Anyone who’s married surely should know your marriage is doomed if you think you can change the other person. Get a clue. You can’t eradicate or outlaw or convert everyone who isn’t made in your image. So we’re different—big deal.

You’ve spent millions persuading folks that our differences somehow threaten their marriages. Kinda crazy, but your freedom of speech, like mine, is protected. Just think, though, of all the good you could do if the time and effort and money you pour into your antigay rampage went toward something useful—like reducing poverty or saving the rain forest or making peace between nations. You know, helping.

Instead of demonizing me for being created as I am, why not pitch in? You have so much drive, why not use it to do something people really need? Help ensure education, food, housing, and health care for everyone. We could work together, pool our energies to increase dignity, respect, and joy in the world, for all creation.

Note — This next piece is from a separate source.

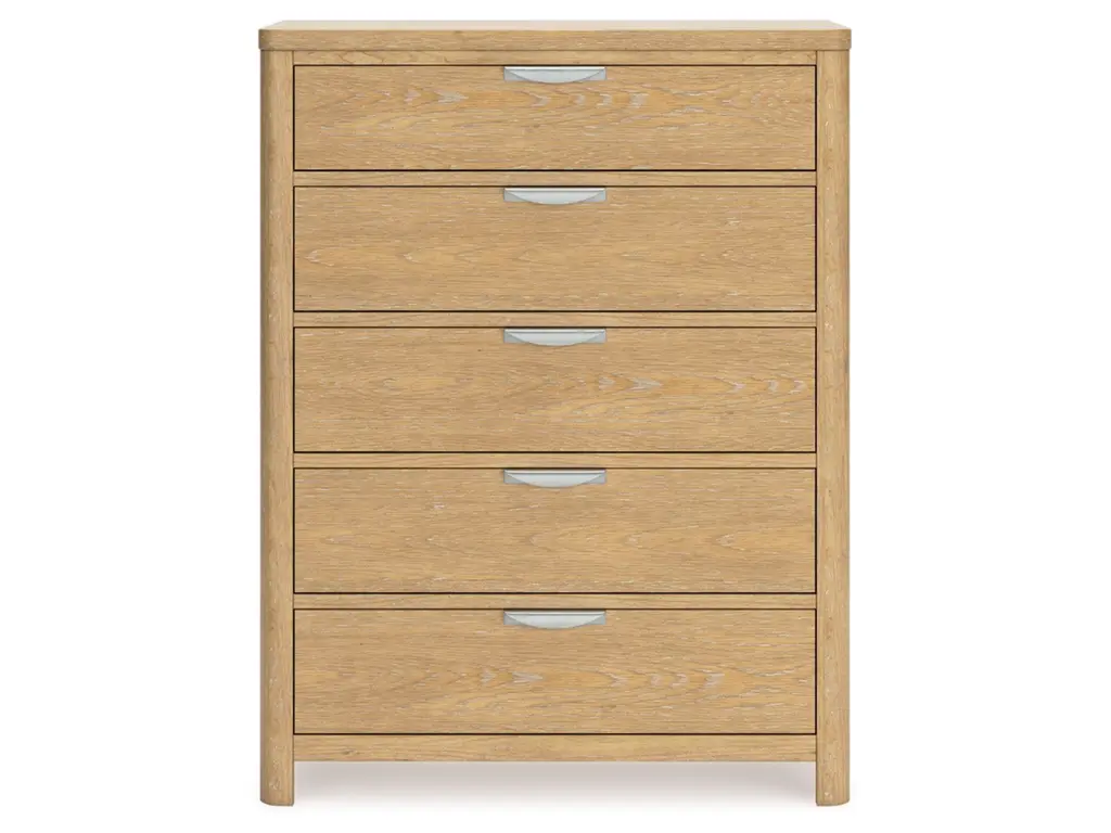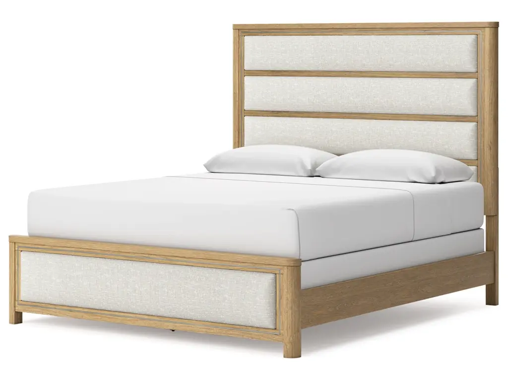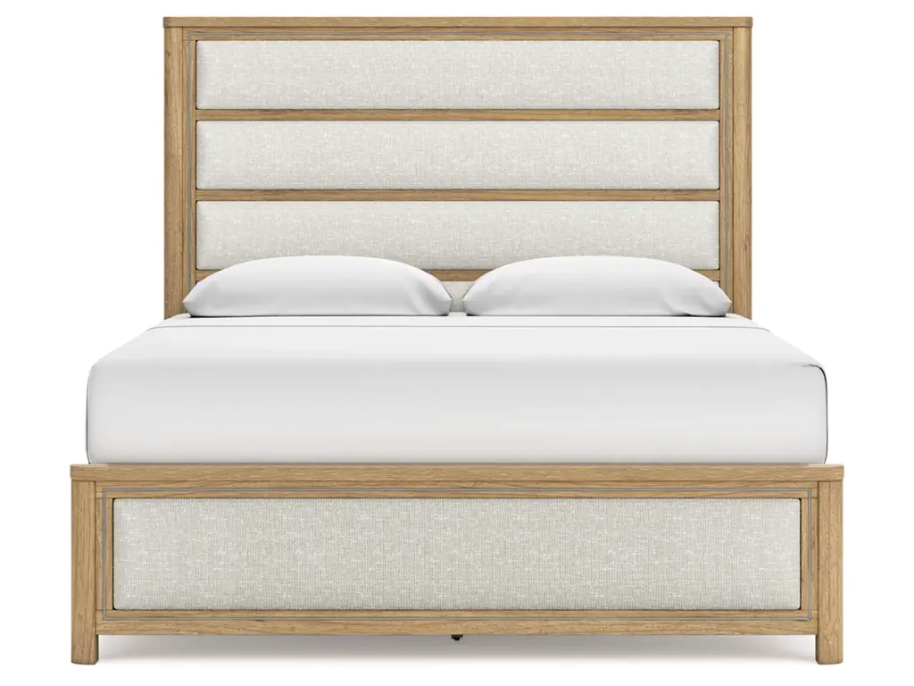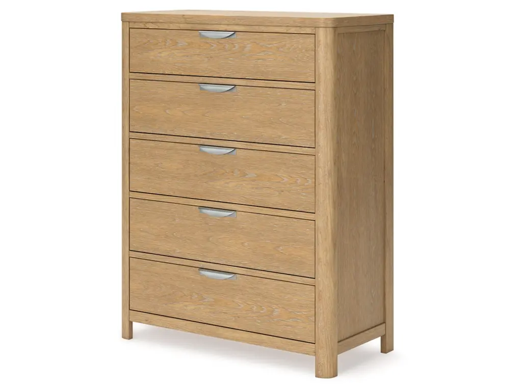 The Rencott bedroom package's classic yet contemporary good looks are hard to deny. Softly shaped posts with a light oak finish and wire-brushed wood grain texture lend an organic appeal to your soothing space.

I would at least like to continue the life, liberty, and pursuit of happiness that our Constitution recognizes are my inalienable rights. I understand that prejudice runs deep and that blaming scapegoats is human nature. There’s room in my heart to forgive you for your limitations. Unlearning hateful thinking isn’t easy. You’re entitled to take as long as you want to come to grips with reality.

Meanwhile, this would be a good time to kindly step aside and mind your own business.